*DATA IN THIS EXERCISE:*
□ □ □ □

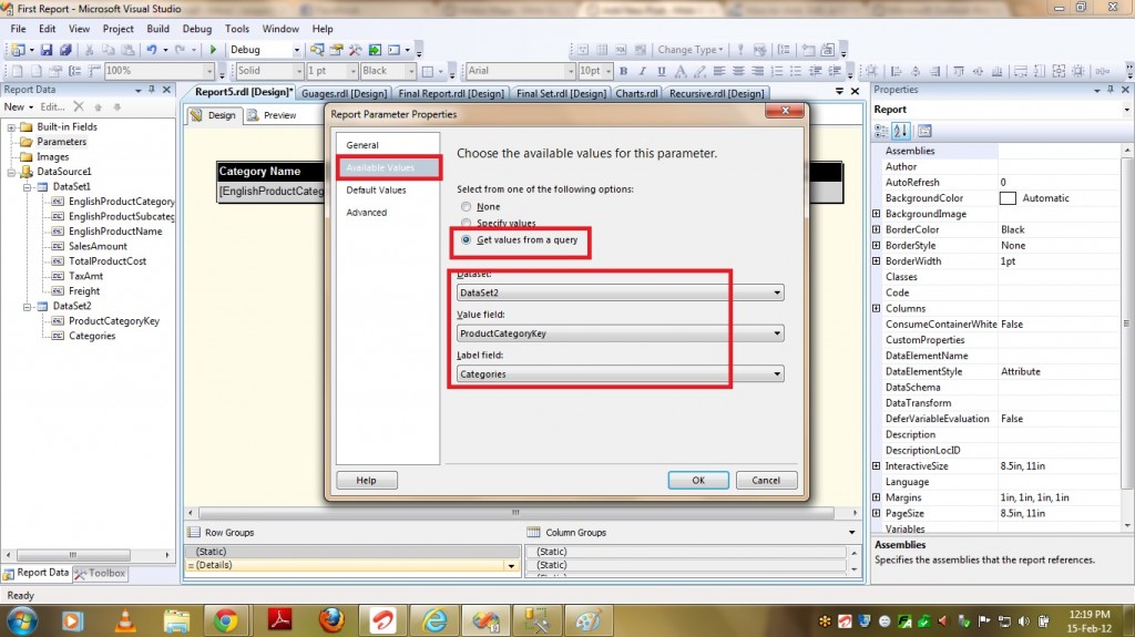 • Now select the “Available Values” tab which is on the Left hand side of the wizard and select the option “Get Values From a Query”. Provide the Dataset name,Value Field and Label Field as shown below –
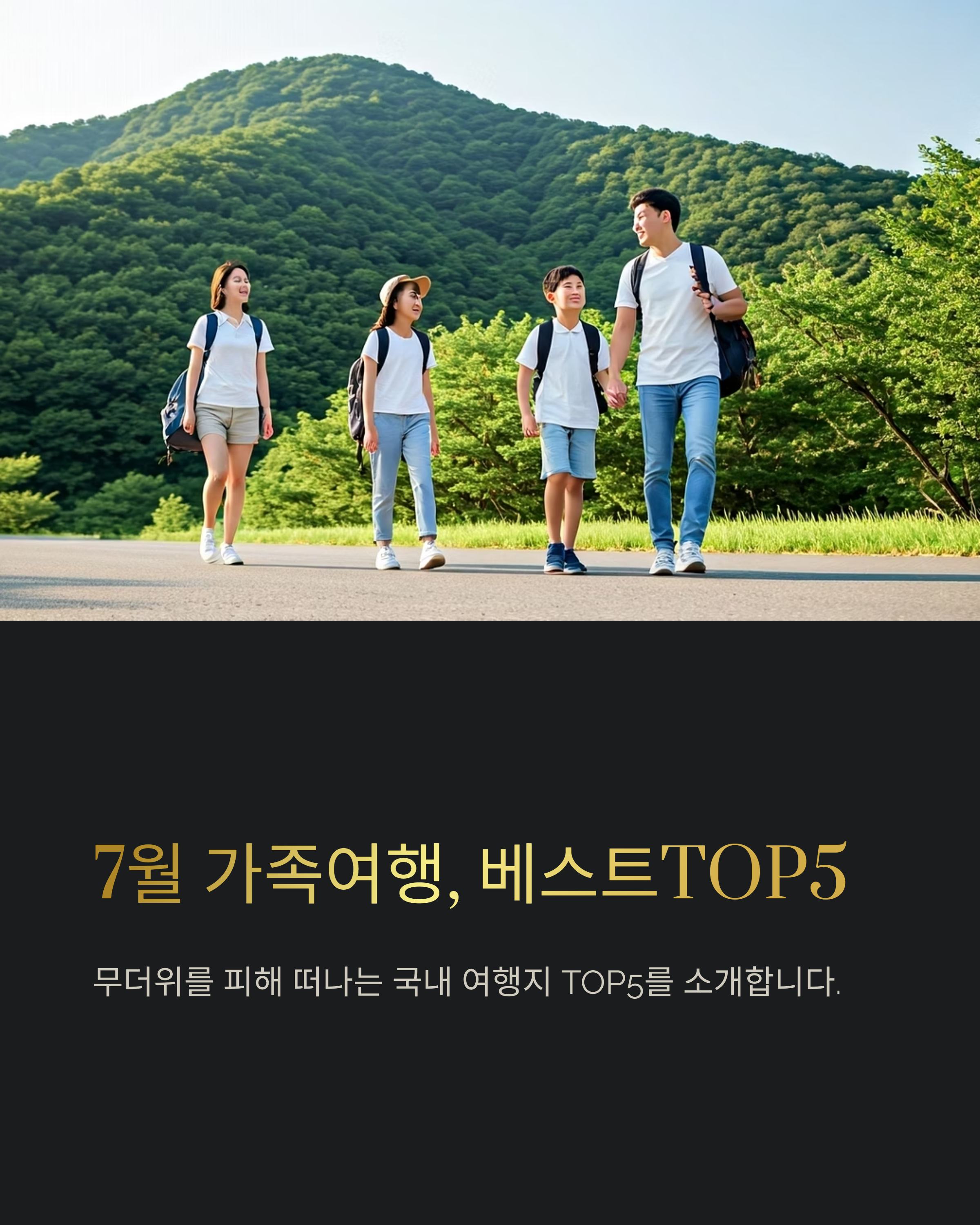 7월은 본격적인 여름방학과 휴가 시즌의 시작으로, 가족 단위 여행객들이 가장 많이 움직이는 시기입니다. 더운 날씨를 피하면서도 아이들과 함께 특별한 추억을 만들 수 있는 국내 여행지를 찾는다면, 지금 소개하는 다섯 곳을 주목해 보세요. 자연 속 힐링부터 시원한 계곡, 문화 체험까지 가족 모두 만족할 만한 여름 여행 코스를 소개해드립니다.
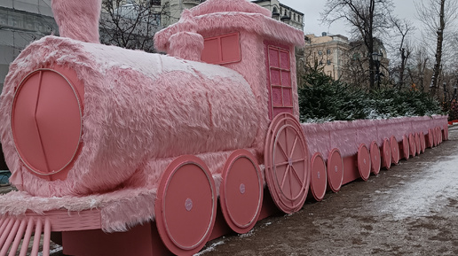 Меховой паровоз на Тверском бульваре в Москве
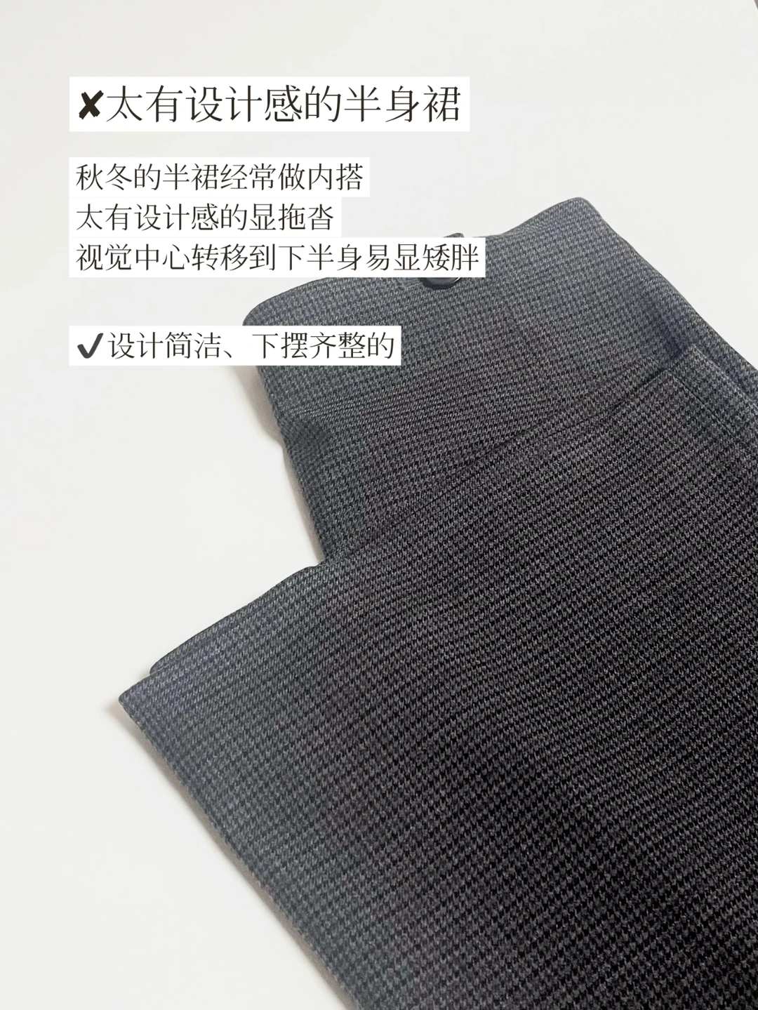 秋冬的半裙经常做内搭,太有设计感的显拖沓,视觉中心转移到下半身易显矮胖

□ □ □ □

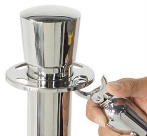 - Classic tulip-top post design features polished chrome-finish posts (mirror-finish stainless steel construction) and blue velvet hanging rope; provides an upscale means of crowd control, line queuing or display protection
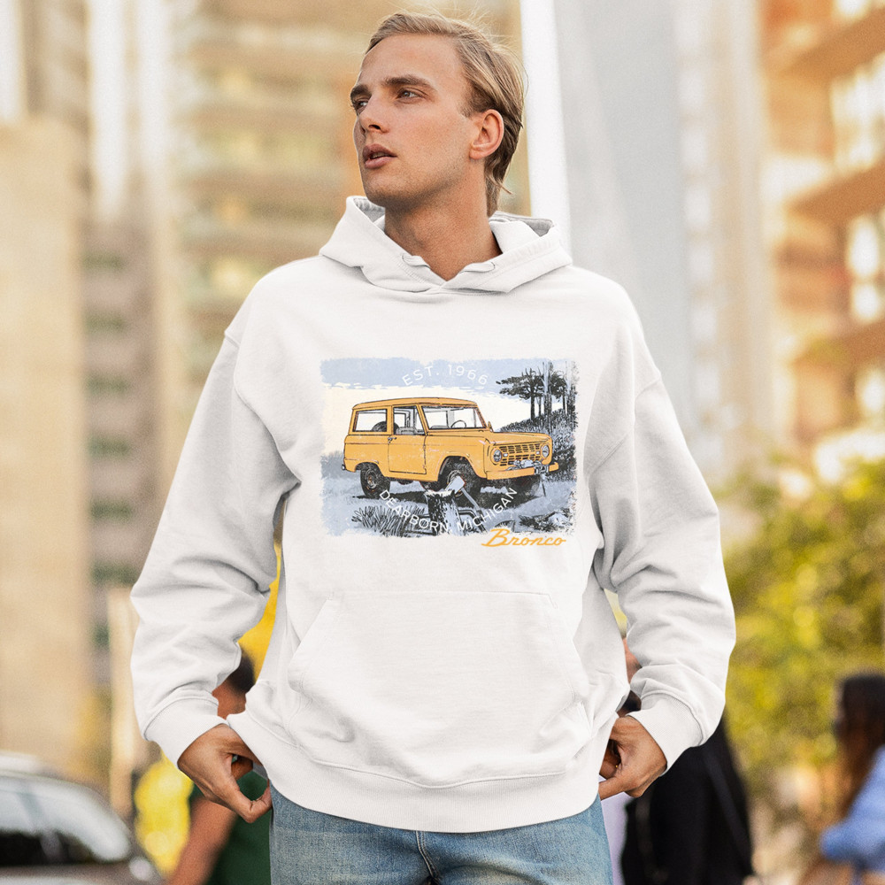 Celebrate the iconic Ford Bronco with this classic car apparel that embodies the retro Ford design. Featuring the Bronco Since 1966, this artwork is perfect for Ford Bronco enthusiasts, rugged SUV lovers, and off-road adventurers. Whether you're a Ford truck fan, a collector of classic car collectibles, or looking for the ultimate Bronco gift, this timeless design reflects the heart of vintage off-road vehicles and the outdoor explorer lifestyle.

□ □ □ □

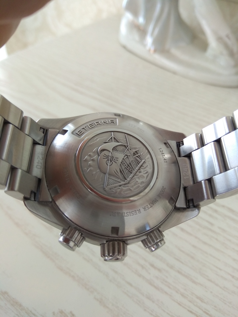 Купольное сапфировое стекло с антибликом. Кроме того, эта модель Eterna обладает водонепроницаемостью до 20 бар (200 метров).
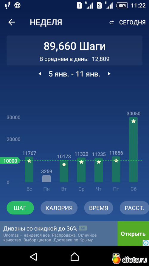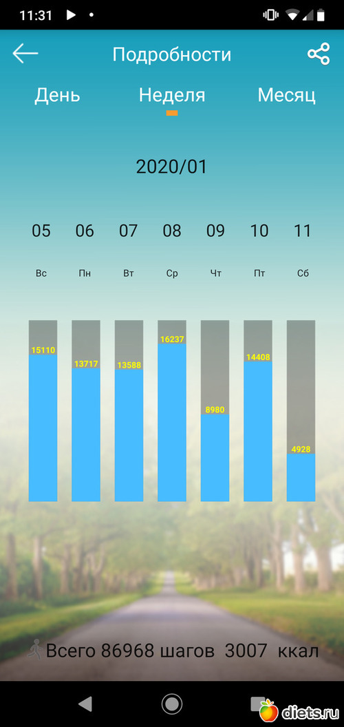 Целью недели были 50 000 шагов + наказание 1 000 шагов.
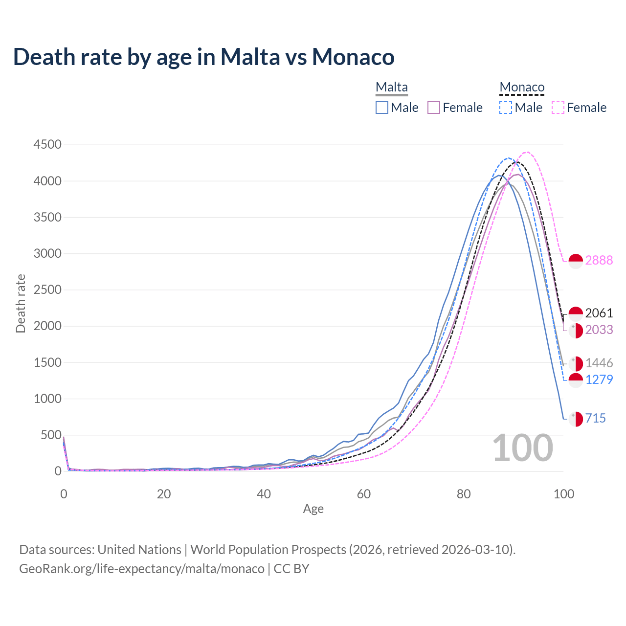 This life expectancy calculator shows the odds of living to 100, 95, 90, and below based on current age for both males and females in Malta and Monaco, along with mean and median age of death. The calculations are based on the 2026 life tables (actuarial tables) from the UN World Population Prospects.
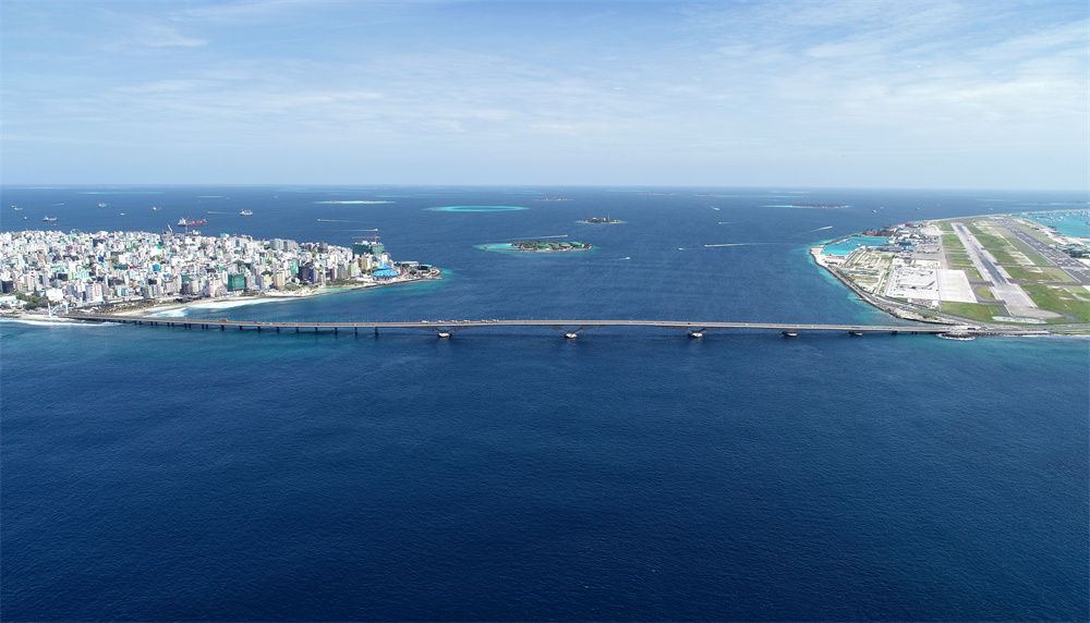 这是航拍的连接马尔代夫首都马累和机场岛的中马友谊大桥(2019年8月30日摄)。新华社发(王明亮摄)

□ □ □ □

*WORK TASK:*
Starting with the line that has "Купольное сапфировое стекло" and ending with the line that has "This life expectancy", repeat the lines above exactly, omitting every picture.

*ANSWER AREA:*
 Купольное сапфировое стекло с антибликом. Кроме того, эта модель Eterna обладает водонепроницаемостью до 20 бар (200 метров).
 Целью недели были 50 000 шагов + наказание 1 000 шагов.
 This life expectancy calculator shows the odds of living to 100, 95, 90, and below based on current age for both males and females in Malta and Monaco, along with mean and median age of death. The calculations are based on the 2026 life tables (actuarial tables) from the UN World Population Prospects.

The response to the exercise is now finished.